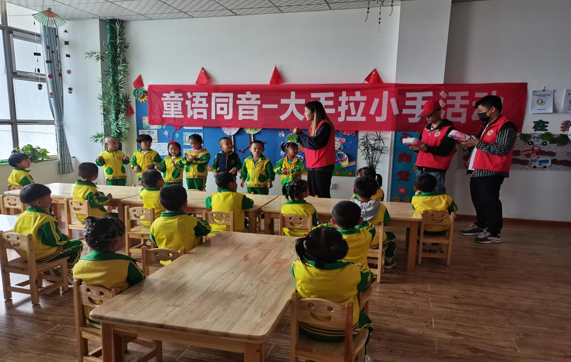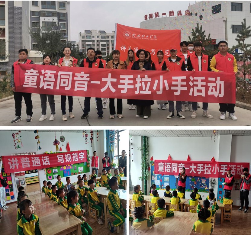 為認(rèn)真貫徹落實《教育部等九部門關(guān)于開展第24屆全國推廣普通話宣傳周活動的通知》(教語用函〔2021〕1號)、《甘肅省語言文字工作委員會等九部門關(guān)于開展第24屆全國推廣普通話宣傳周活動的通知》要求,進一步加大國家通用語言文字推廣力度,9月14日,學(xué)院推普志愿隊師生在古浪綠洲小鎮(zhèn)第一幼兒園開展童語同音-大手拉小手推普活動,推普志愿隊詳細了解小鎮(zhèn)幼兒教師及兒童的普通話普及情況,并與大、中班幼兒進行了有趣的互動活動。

* * *

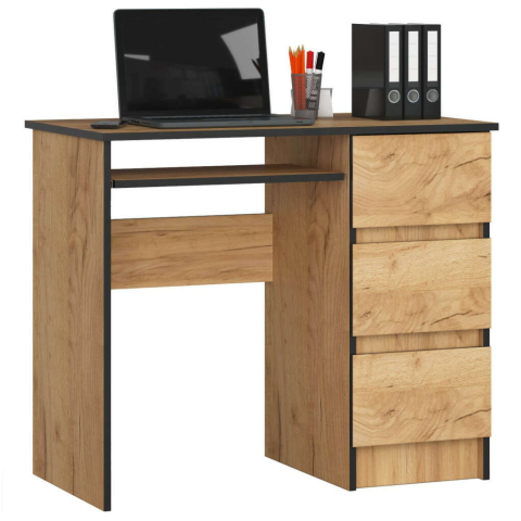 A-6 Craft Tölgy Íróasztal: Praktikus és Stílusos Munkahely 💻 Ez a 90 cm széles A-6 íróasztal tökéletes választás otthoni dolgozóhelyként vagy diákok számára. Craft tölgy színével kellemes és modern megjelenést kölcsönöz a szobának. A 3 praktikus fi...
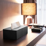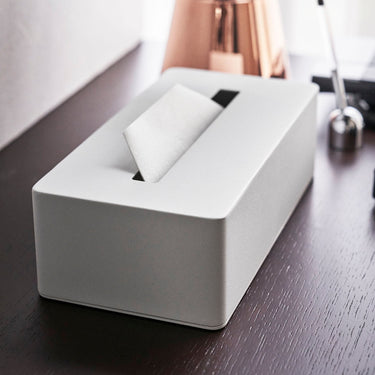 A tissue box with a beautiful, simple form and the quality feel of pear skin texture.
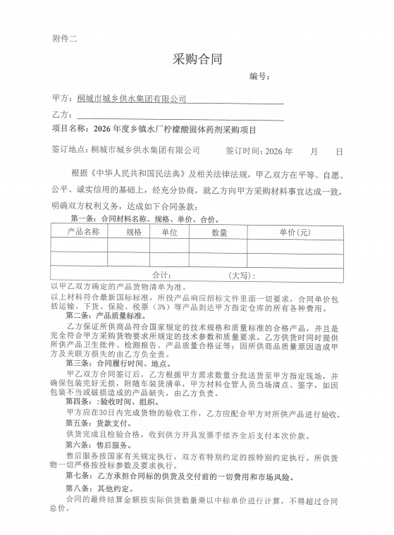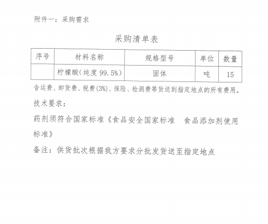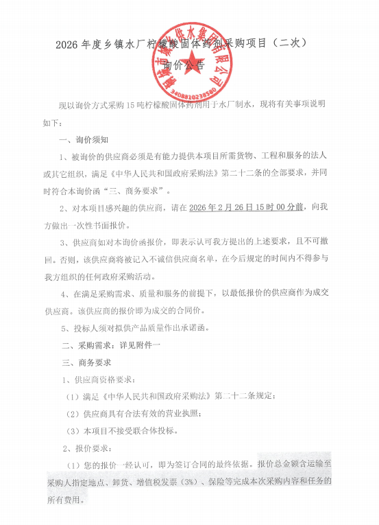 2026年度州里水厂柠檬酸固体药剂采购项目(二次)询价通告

* * *

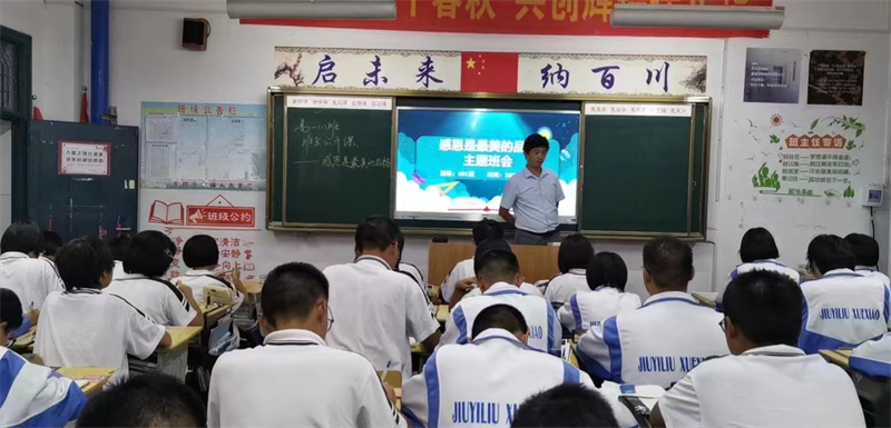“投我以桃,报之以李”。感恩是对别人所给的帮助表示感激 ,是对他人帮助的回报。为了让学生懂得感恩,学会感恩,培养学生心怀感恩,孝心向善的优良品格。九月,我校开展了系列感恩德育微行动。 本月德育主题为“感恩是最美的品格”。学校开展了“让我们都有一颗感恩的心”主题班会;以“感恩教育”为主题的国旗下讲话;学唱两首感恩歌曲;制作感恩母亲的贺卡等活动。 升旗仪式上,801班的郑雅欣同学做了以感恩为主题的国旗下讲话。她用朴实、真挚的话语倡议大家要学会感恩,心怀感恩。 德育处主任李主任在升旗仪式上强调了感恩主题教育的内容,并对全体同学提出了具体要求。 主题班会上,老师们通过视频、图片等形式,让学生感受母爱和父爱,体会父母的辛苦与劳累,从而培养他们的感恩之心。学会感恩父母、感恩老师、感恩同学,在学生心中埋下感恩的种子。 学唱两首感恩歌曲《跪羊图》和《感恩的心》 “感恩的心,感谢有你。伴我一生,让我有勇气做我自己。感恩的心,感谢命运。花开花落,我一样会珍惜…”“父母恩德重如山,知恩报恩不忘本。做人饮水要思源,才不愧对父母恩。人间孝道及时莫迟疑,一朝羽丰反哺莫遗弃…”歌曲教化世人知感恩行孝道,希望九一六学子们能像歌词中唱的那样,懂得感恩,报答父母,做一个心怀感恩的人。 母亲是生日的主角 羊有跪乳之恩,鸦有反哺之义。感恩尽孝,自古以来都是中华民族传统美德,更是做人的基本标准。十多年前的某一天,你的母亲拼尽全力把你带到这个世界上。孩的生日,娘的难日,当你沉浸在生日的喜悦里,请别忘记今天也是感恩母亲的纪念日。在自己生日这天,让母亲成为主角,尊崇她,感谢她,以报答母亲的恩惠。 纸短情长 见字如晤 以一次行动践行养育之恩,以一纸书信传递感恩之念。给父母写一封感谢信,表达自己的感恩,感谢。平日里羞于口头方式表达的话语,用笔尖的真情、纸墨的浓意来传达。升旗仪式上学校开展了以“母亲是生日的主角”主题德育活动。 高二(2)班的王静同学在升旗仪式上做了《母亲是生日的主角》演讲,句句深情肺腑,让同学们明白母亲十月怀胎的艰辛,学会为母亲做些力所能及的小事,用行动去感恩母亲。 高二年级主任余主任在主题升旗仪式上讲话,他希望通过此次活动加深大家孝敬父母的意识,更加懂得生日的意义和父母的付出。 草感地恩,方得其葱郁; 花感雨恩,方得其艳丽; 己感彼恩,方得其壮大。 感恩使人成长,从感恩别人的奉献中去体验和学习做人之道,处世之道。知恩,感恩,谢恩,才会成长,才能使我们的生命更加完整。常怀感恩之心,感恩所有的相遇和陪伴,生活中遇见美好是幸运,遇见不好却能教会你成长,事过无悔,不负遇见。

- **Your goal**: Within the listing above, the lines starting at the one containing "A-6 Craft Tölgy" and ending at the one containing "2026年度州里水厂柠檬酸固体药剂采购项目(二次)询价通告" are to be returned exactly. Omit the pictures.

- **Answer box**:
 A-6 Craft Tölgy Íróasztal: Praktikus és Stílusos Munkahely 💻 Ez a 90 cm széles A-6 íróasztal tökéletes választás otthoni dolgozóhelyként vagy diákok számára. Craft tölgy színével kellemes és modern megjelenést kölcsönöz a szobának. A 3 praktikus fi...
 A tissue box with a beautiful, simple form and the quality feel of pear skin texture.
 2026年度州里水厂柠檬酸固体药剂采购项目(二次)询价通告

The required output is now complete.